La gran mayoría de quienes se expresan sobre la inteligencia artificial (IA), incluso los más entusiastas acerca de sus beneficios, apelan a la necesidad de un marco legal que contenga sus múltiples riesgos. Empiezan, sin embargo, a emerger dudas acerca de que sea posible consensuar y poner en práctica a tiempo una regulación efectiva de la IA. El precedente de las redes sociales no invita precisamente al optimismo.

Sucede que tanto la IA como las redes sociales permiten el acceso distribuido y con barreras de entrada bajas a nuevos desarrollos. Es cierto que la creación de grandes modelos de lenguaje requiere grandes recursos de computación, al alcance de muy pocos agentes, pero también lo es que el acceso distribuido a esos modelos ya ha dado lugar a la aparición de centenares de aplicaciones, incluyendo multitud de asistentes personales. No se descarta, además, que las capacidades de las IA de código abierto lleguen a ser comparables a las ofrecidas por las grandes empresas del sector.

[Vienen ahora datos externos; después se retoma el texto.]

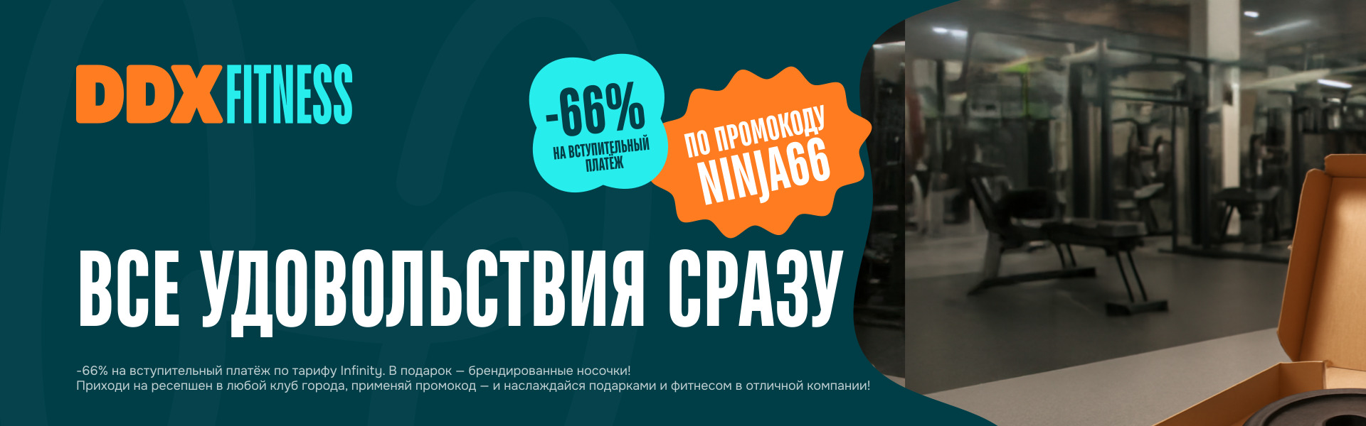 Если у тебя ещё нет активной подписки, оформи ее в любом клубе DDX Fitness в Красноярске. Примени до 23 ноября промокод NINJA66 и получи скидку 66% на вступительный платеж по тарифу Infinity и подарок.

Por otra parte, cuando utilizar una herramienta digital para hacer el mal resulta demasiado fácil, alguien lo hará sin que le detenga ni la ética ni la regulación. Ocurrirá con la IA como ha sucedido con las redes sociales. Meter en cintura a empresas como Facebook o X (exTwitter) no está resultando fácil; pretender controlar a los miles de generadores de contenidos, humanos o autómatas, subidos a esas plataformas es misión imposible. El reto de implementar una regulación eficaz de tecnologías así distribuidas se me antoja similar al que se enfrenta un ejército convencional combatiendo a una guerrilla.

Lo cual suscita la cuestión de si el intento de diseñar una regulación específica para estas tecnologías tiene sentido, o si resultaría en cambio más efectivo aplicar las muchas regulaciones ya existentes sobre derechos de las personas. Al fin y al cabo, como plantea Jimmy Wales, nadie se ha planteado regular Photoshop.

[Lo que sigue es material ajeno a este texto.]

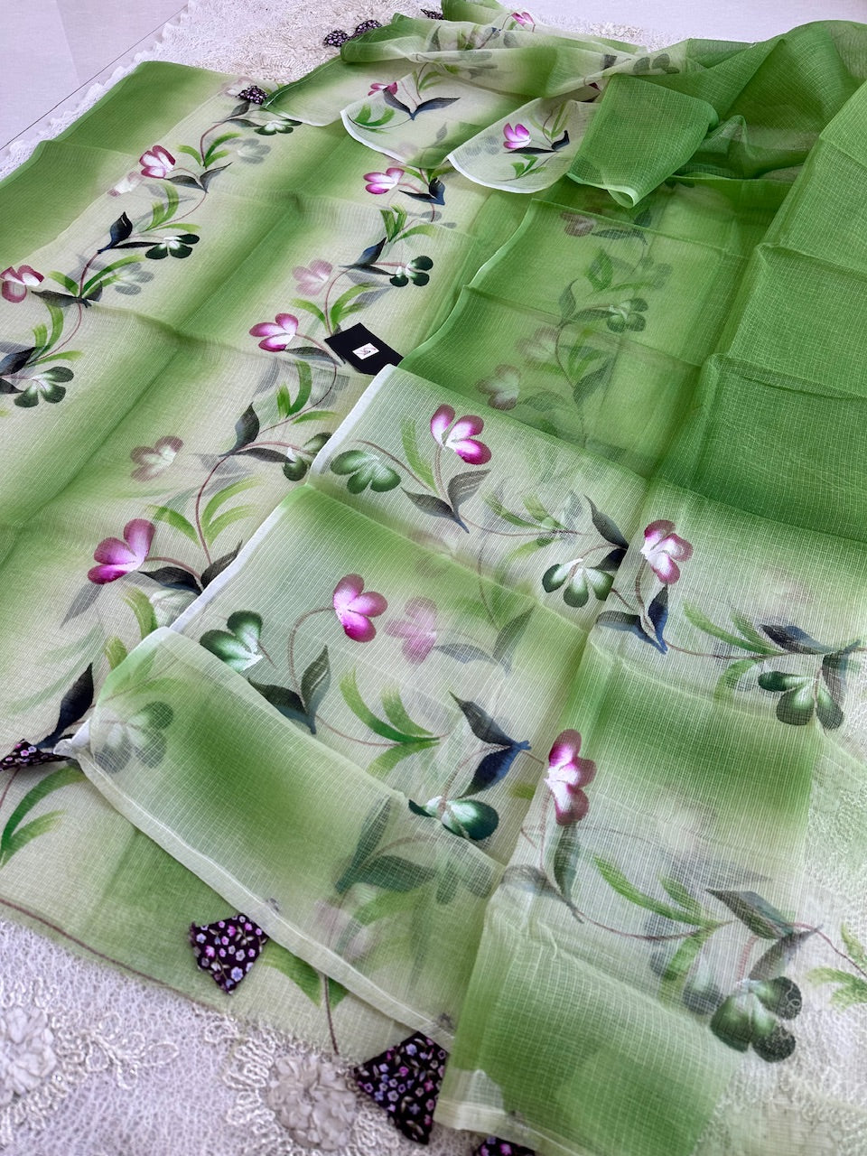 • Handpainted Crafted Kota Cotton Doria Kurta with Kota Cotton Dupatta

Sea como fuere, lo que sí parece imposible de regular son las pasiones y pulsiones de millones de personas cuya conciencia crítica aparece como anulada por las perspectivas de beneficio o satisfacción personal que les proporcionan las nuevas tecnologías. Me asombra, por ejemplo, escuchar a personas en otros aspectos juiciosas afirmar que les gustaría que hubieran IAs que les liberaran de las tareas que les desagrada hacer, para así poder concentrarse en lo que realmente les gusta. Quizá no perciben los riesgos implícitos en un futuro de este tipo. O tal vez ya no les importe perder el control tanto de la información personal que esas IA requieren para operar como del modo (hoy por hoy impenetrable) en que los asistentes personales escogen para llevar a cabo las tareas que se les encarguen. Así y todo, quizá les convendría ser conscientes de la posibilidad de que una IA programada para satisfacer a su usuario aprenda, como Dick Bogarde en El mayordomo, a dominarle.

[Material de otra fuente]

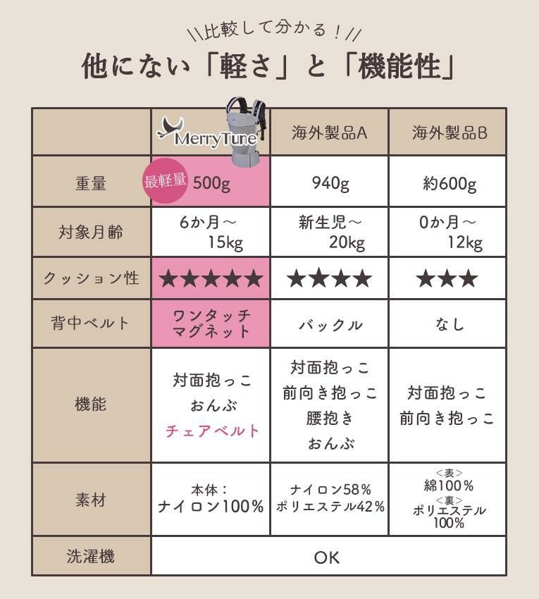 他の画像を見る メリーチューン抱っこ紐<6ヶ月 1歳>Merry Tune(メリーチューン) 定価 ¥ 31,900 のところ 当店特別価格 ¥ 15,950 税込 法人価格 販売を終了しました。 詳細を見る お気に入りに登録する 送料無料 0歳~

No sólo eso. Los propietarios de herramientas digitales centralizadas adquieren poder social a partir de la satisfacción de sus usuarios. Ante las demandas por abuso de competencia interpuestas ante la justicia de EEUU, las defensas de Google y Amazon coinciden en poner en valor el respaldo de los millones de usuarios satisfechos que les votan con sus clicks. Lo mismo que, aunque no lo declaren, ambicionan los impulsores de la IA. Votemos con cuidado.